新作坊 Humanity Innovation and Social Practice

Globalizing Local Identity: Hong Kong Style Yumcha in Australia

摘要:

       This paper examines the practice of yumcha among Chinese in Sydney. As a generic term imported into the city, yumcha has gone beyond its basic form of food consumption, and has been widely used as occasions of reinforcing family, business and other forms of social relations. More importantly, it is constructed in popular discourse as a symbol of Hong Kong culture, vaguely defined. Yumcha has become one of the most important means for the Chinese in Sydney in their attempt to identify themselves with Hong Kong the metropolis. It is observed that whether in time-space, form and stucture, yumcha here imitates the Hong Kong genre.
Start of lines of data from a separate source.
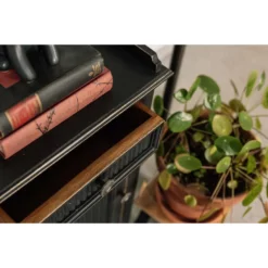 Dit compacte houten dressoir heeft een deur met een legplank en een lade om al je kleine spulletjes in op te bergen. Bijzonder is ook het opstaande randje van het bovenblad, dat een uniek element toevoegt. Dit kleine zwarte vintage kastje heeft ook een wit broertje, dat er dankzij de kleur meteen compleet anders uitziet! Om je keuken, woonkamer of hal helemaal af te maken, bieden we ook een bijpassend medium-dressoir in zwart of wit aan, met dezelfde houten details. Hoe leuk is het om deze stijl consequent door te voeren?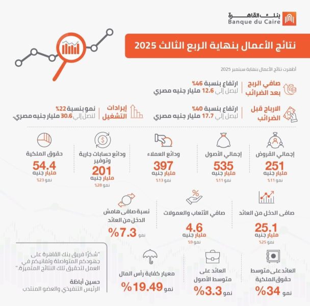 نتائج أعمال بنك القاهرة بنهاية سبتمبر 2025.. نمو إيرادات التشغيل بنسبة 22% لتصل إلى 30.6 مليار جنيه مصري. وارتفاع صافي الربح بنسبة 46% ليصل إلى 12.6 مليار جنيه مصري
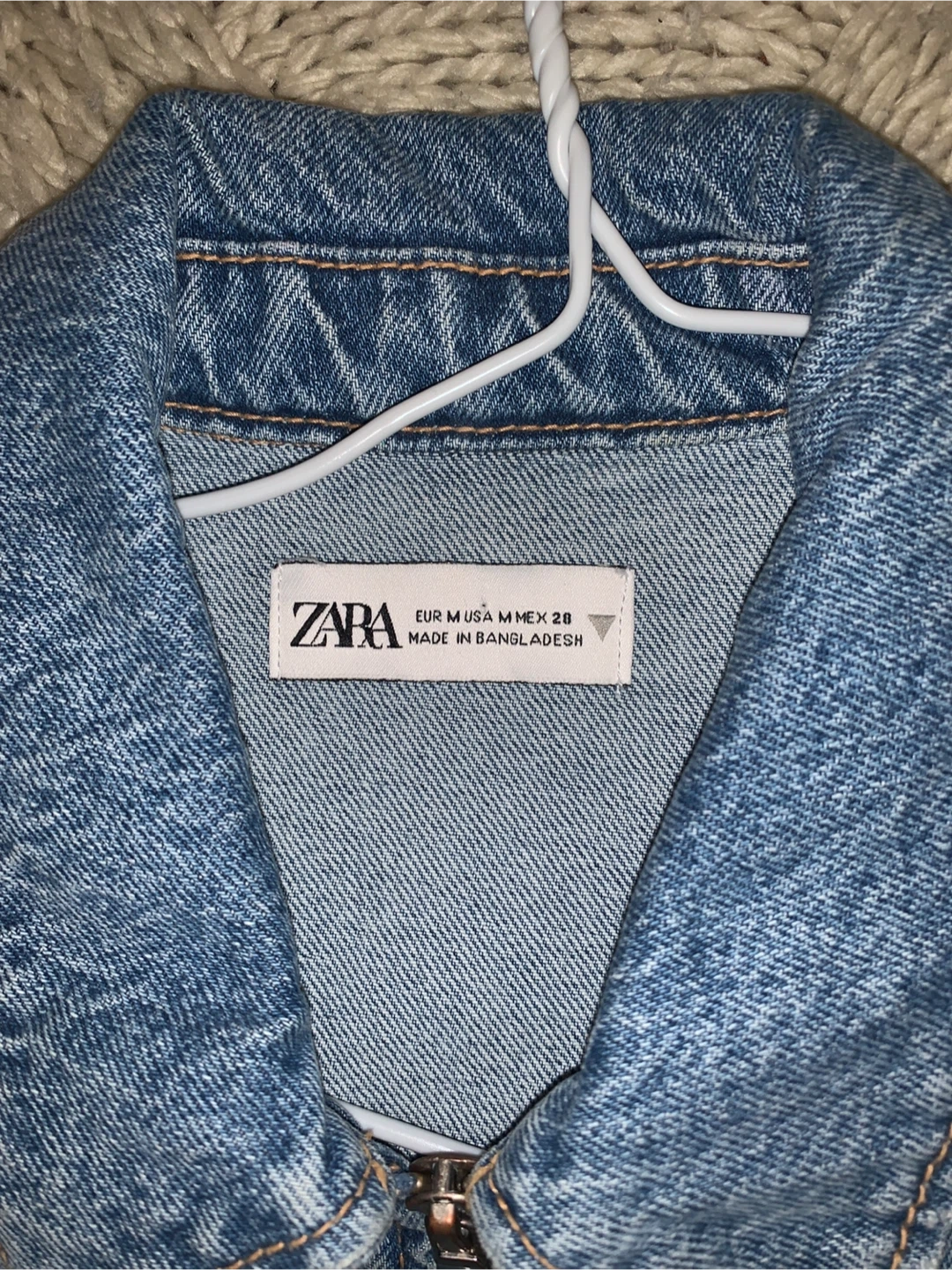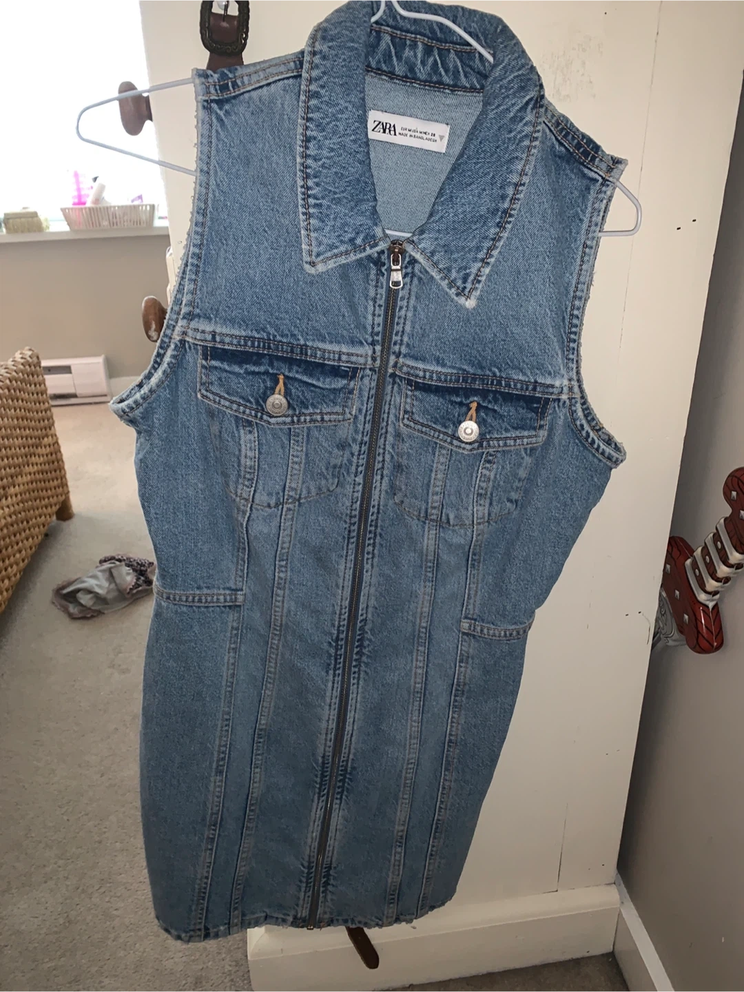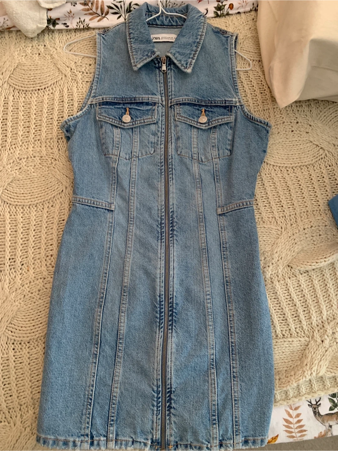 ZARA sleeveless denim dress with a front zipper closure. It's made of durable denim material and features two chest pockets. Size M, which is equivalent to US 28. This versatile dress is perfect for a casual day out!
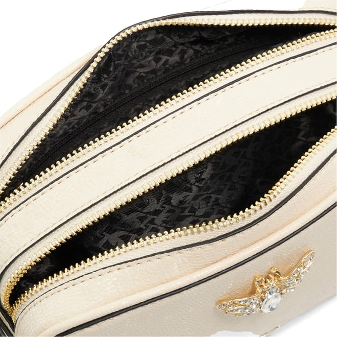 Discover the Dune London cross body bag, a stylish accessory featuring a secure zipper closure. This elegant piece is adorned with a logo and chain embellishments, adding a touch of sophistication. The shoulder handle ensures comfortable wear, making it a versatile choice for any occasion. -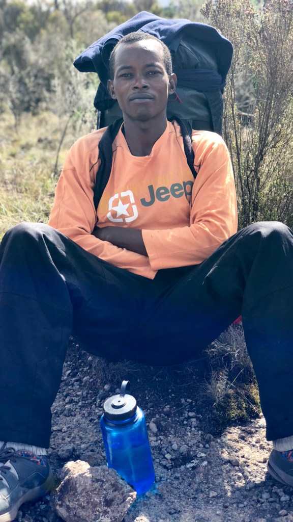 دليلنا رجب شاب في أوائل الثلاثين من عمره ، أسمر البشرة ، يكنى بأبي شريم بعد أن سمى ابنه تيمناً بالشيخ ، و يصر على أنني “فتى أبيض” بإصرار لا أرى فيه إلا محاولة متعمدة للإهانة. و لكن طيبة قلبه وذرابة لسانه تكفيان لإقناعي بتجاهل هذا السباب الصريح و عدم الشجار معه ، أو لعل غريزة البقاء هي ما يردني عن العبث معه. يعمل رجب كدليل يقود الناس إلى جبل قمة كليمنجارو منذ نعومة أضافره ، و هي نعومة فقدها لظروف وظيفته منذ زمن بعيد حتى صار قادراً على حك يديه ببعضها لإشعال النار. و أجزم أن زوجته تحد سكاكين المطبخ على راحة يده. تسلق الجبل مائة و ستة و ثلاثين مرة بالتمام ، و بما أن كل رحلة إلى قمة أوهورو تستغرق حوالي الأسبوع يكون رجب أمضى ما يقارب الثلاث سنين من عمره على أراضي الجبل. و خلال هذه السنين حمل ما يقارب الخمسة أطنان من و إلى الجبل ، بين خيام و طعام و أمتعة و سائح أو اثنان بعد أن عجزت أقدامهم عن حملهم. أعلمت الآن لما حرمت علي غريزة البقاء الاقتراب منه؟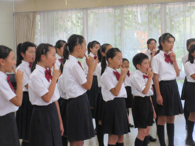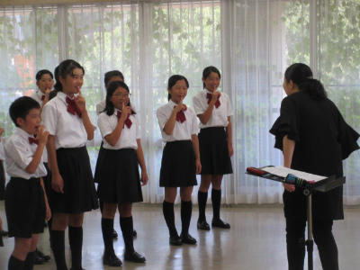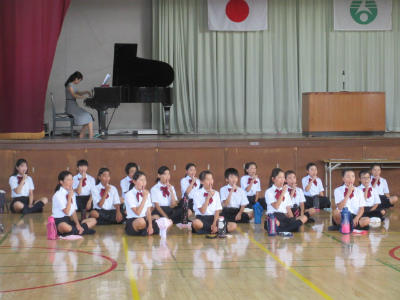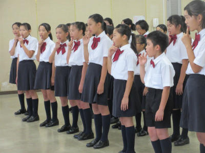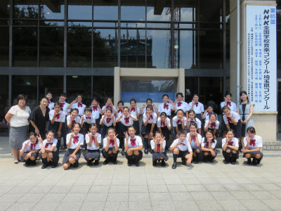 本校は、プログラムナンバー2番で出場し、課題曲「出発」自由曲「地球に寄り添って~センス・オブ・ワンダー~を堂々と伸び伸びと歌い上げました。14校の出場校の中から、6校が予選通過となり、本校は、見事8月9日(木)の本選に進むことが決まりました。おめでとうございます。よかったね。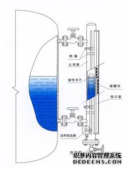 液位計根據浮力原理和磁性耦合作用研制而成。當被測容器中的液位升降時,液位計主導管中的浮子也隨之升降,浮子內的永久磁鋼通過磁耦合傳遞到現場指示器,驅動紅、白翻柱翻轉180。,當液位上升時,翻柱由白色轉為紅色,當液位下降時,翻柱由紅色轉為白色,指示器的紅、白界位處為容器內介質液位的實際高度,從而實現液位的指示。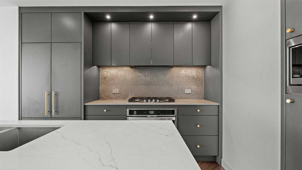 Welcome to Gateway by Truman in Calgary’s premier West District—where modern design meets urban convenience. This beautifully designed 2-bedroom, 2-bath condo offers 756 sq. ft. of elegant living space plus a private balcony off the living area, perfect for relaxing or entertaining outdoors. Step inside to an open-concept layout featuring a stunning designer kitchen with quartz countertops, full-height cabinetry, and built-in appliances that blend seamlessly into the space. The spacious living room flows naturally onto the balcony, allowing abundant natural light through large windows. The primary suite offers a walk-in closet and a luxurious 3-piece ensuite, while the second bedroom is ideal for guests or a home office, paired with a full 4-piece bathroom. Enjoy the comfort of air conditioning, in-suite laundry, and underground titled parking. The building also features an impressive lobby, retail shops on the main level, and nearby amenities including restaurants, grocery stores, and fitness studios—all just steps away. Situated in one of Calgary’s most sought-after communities, this condo delivers the perfect balance of lifestyle, luxury, and location—just minutes from downtown and surrounded by parks, pathways, and mountain views.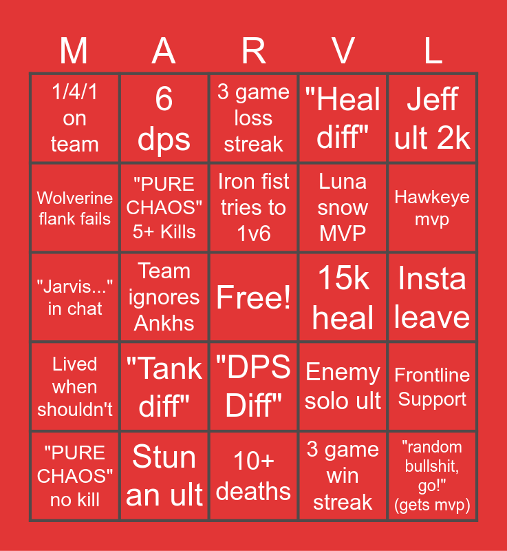 This bingo card has 1 images, a free space and 44 words: 3 C&D in a row, "random bullshit, go!" (gets mvp), 3 dps insta-lock, "PURE CHAOS" no kill, spawn door portal, 3 game win streak, 3 game loss streak, 4k bomb, Jeff ult 2k, Stun an ult, "Heal diff", 15k heal, "DPS Diff", "Tank diff", 0 death, 10+ deaths, "AGAIN" 3x, "Jarvis..." in chat, C9, Hawkeye mvp, 6 dps, "zoning" ult, 2/2/2 on team, 1/4/1 on team, Team wipe, Insta leave, AFK, Res'ed, Enemy solo ult, Lived when shouldn't, Died when shouldn't, Frontline Support, Meme name, Team ignores spider nest, Team ignores Ankhs, Scarlet witch/ Magneto team up, Freaky moment in chat, Melee kill w/ non Melee hero, Iron fist tries to 1v6, Wolverine flank fails, Luna snow MVP, "GG EZ", "PURE CHAOS" 5+ Kills and "___ Diff" we won??.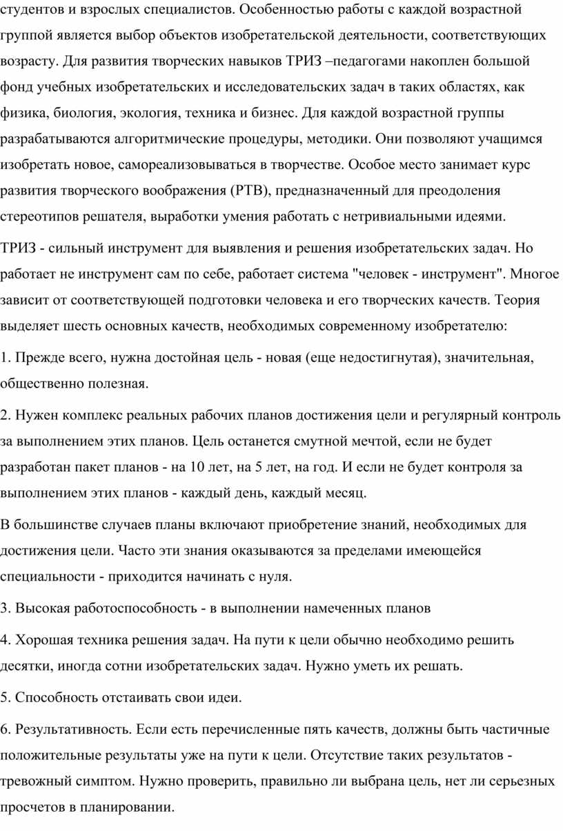 Шесть качеств образуют систему: нельзя добиться высоких показателей по какому-то одному пункту, если на нуле все остальные. Поэтому в последние годы в программах обучения ТРИЗ значительное место отводится комплексному развитию качеств, необходимых для эффективного применения теории.

For many, especially those who originated from Hong Kong, "Hong Kong style yunwha"(gongsik yumcha) becomes the archetypal institution that re-creates for them a Hong Kong outside of Hong Kong, and extends their local heunggongyan identity globally along with the Hong Kong diaspora. This paper traces the forms of eating related to yumcha as practised in Sydney, Australia against the background of immigrant life and mentality. I propose that through participation in the configuration of Hong Kong style yumcha (gongsik yumcha, p: gangshi yincha) and an intertwined set of popular beliefs, recent immigrants from Hong Kong put their insistence on a heunggongyan ("Hong Kong people", p: xianggangren) identity into everyday praxis. Such practice resulted in the globalization of a local identity as it established a sense of a diasporic Hong Kong community in Sydney that was linked in multiple networks with Hong Kong the parent culture. These everyday praxes of Hong Kong immigrants constitute part of a global neo-Cantonese culture with Hong Kong as the center. In the process of globalization, ironically the metropolitan Hong Kong identity that was characterized as inclusive and open to change, became transformed into an exclusive and enduring tradition to be preserved and guarded. This paper is based on ethnographic fieldwork conducted between July 1996 and July 1997. Observations were done in Chinese restaurants mainly in metropolitan Sydney. I also interviewed immigrant families from Hong Kong. most of whom arrived after 1990, and took part in their family activities. Hong Kong style Cantonese dotted with English remained the lingua franca throughout fieldwork.